** Opening Supplied material block **
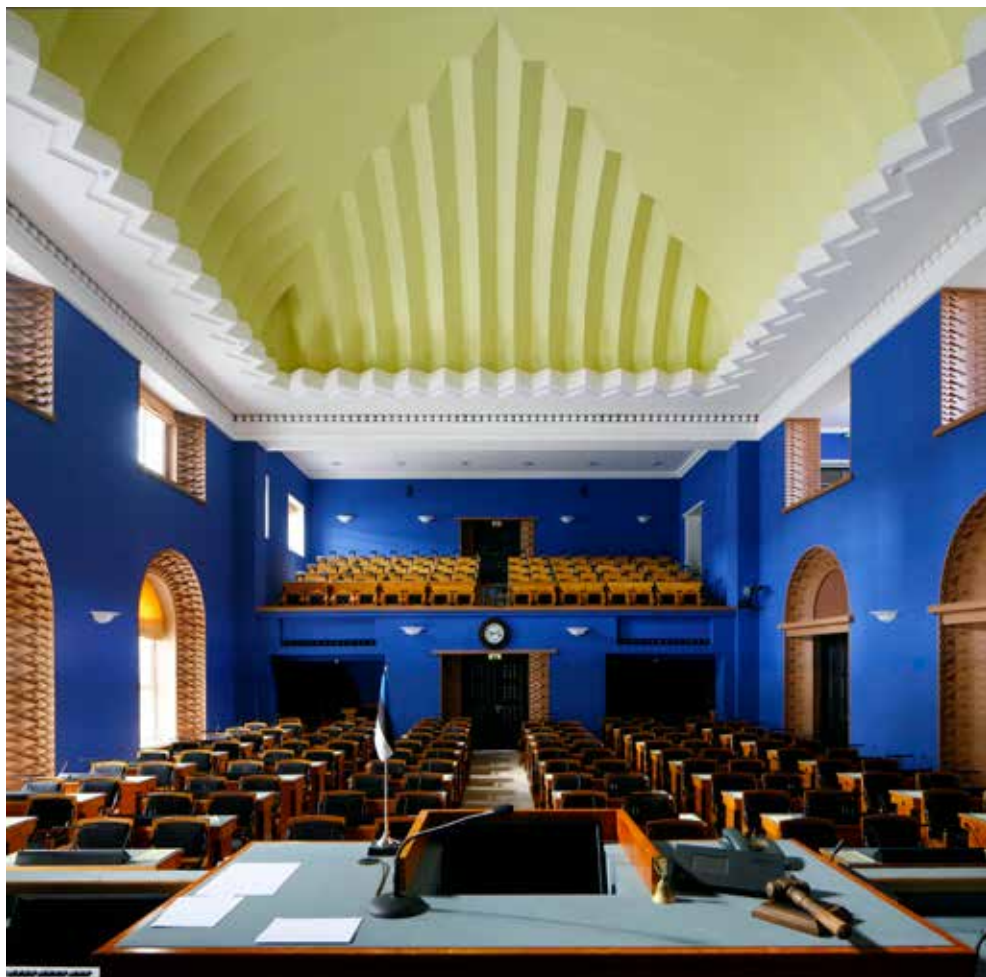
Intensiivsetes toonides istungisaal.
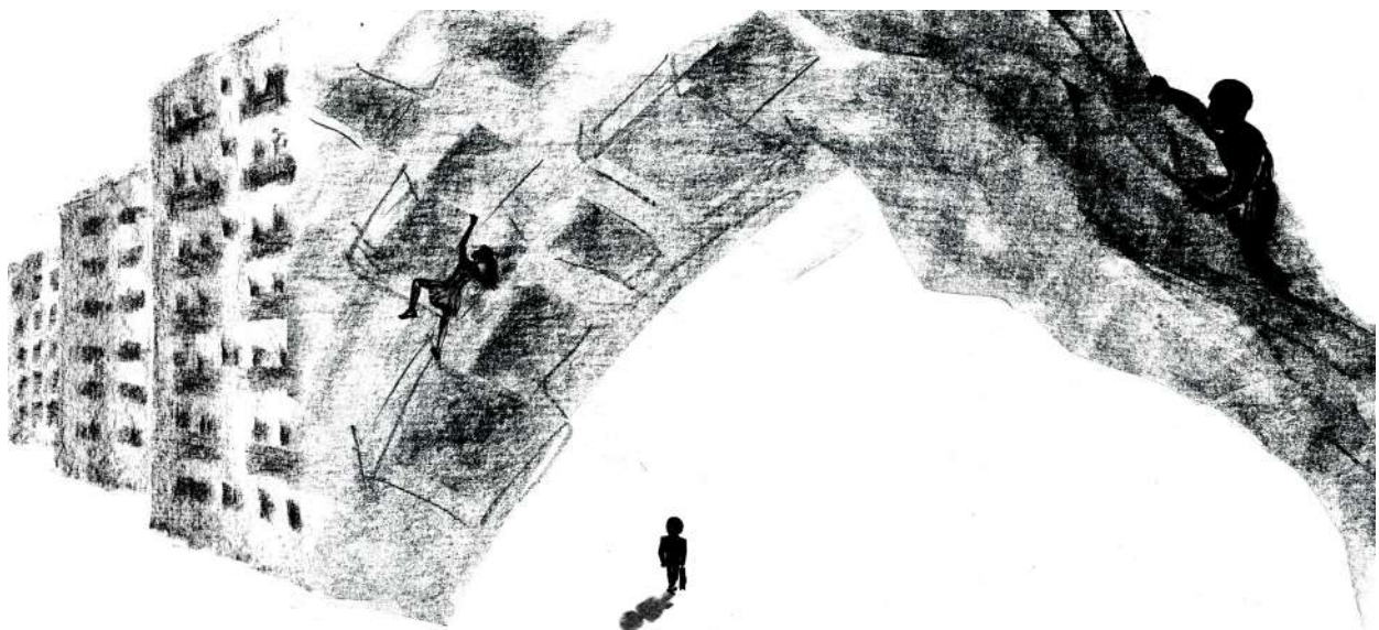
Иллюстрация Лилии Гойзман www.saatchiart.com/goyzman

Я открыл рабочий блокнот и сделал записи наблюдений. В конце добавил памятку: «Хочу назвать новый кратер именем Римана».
** Closing Supplied material block **
** Opening Supplied material block **
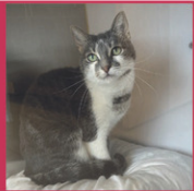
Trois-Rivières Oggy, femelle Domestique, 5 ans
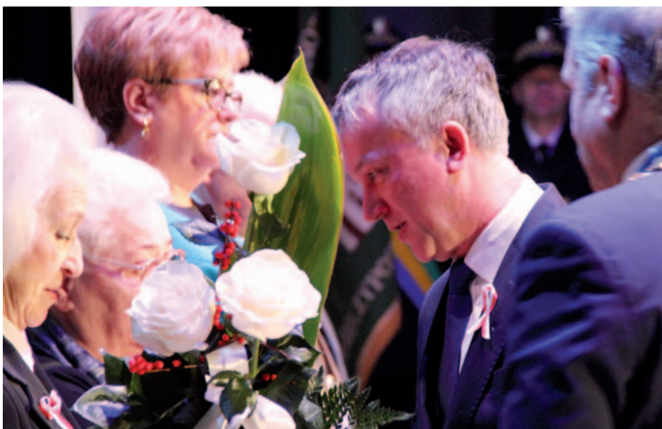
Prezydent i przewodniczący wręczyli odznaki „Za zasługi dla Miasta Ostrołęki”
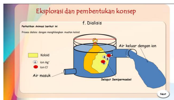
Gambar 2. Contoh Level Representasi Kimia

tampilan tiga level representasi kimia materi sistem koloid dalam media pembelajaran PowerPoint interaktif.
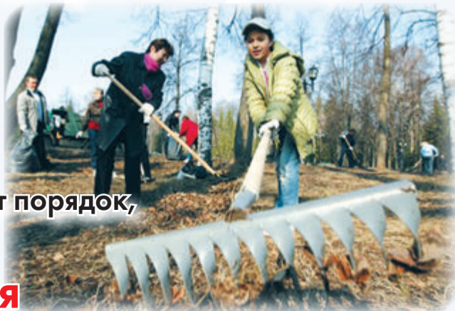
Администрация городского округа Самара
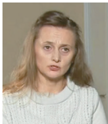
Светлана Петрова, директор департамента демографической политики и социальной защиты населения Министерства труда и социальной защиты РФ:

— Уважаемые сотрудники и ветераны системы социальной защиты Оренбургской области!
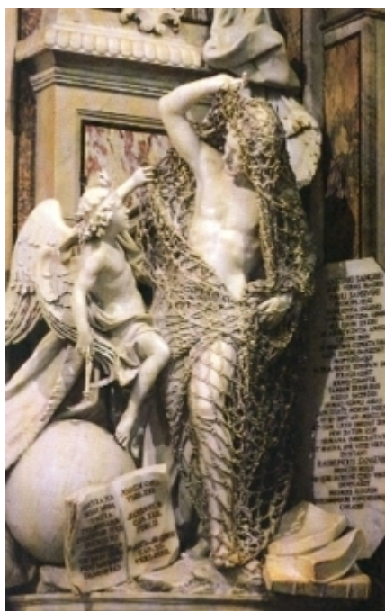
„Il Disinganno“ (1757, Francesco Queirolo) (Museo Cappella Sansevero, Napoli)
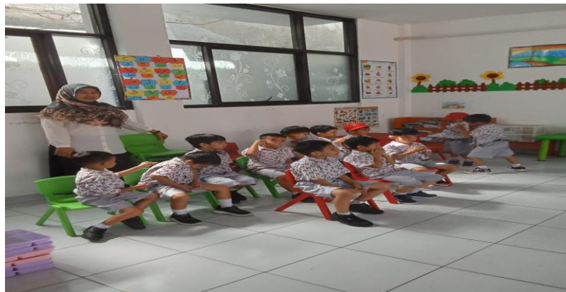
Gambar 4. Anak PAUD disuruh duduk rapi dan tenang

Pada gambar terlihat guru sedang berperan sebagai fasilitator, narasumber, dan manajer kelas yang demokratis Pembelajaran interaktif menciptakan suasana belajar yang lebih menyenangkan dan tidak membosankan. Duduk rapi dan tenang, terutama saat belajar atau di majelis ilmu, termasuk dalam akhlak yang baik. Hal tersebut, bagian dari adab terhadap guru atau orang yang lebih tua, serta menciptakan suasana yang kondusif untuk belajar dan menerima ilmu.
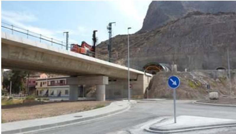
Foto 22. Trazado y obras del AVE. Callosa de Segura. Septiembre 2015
** Closing Supplied material block **
Exercise objective
Across the data, pull every line containing the string "dalam".

Response to the exercise
tampilan tiga level representasi kimia materi sistem koloid dalam media pembelajaran PowerPoint interaktif.
Pada gambar terlihat guru sedang berperan sebagai fasilitator, narasumber, dan manajer kelas yang demokratis Pembelajaran interaktif menciptakan suasana belajar yang lebih menyenangkan dan tidak membosankan. Duduk rapi dan tenang, terutama saat belajar atau di majelis ilmu, termasuk dalam akhlak yang baik. Hal tersebut, bagian dari adab terhadap guru atau orang yang lebih tua, serta menciptakan suasana yang kondusif untuk belajar dan menerima ilmu.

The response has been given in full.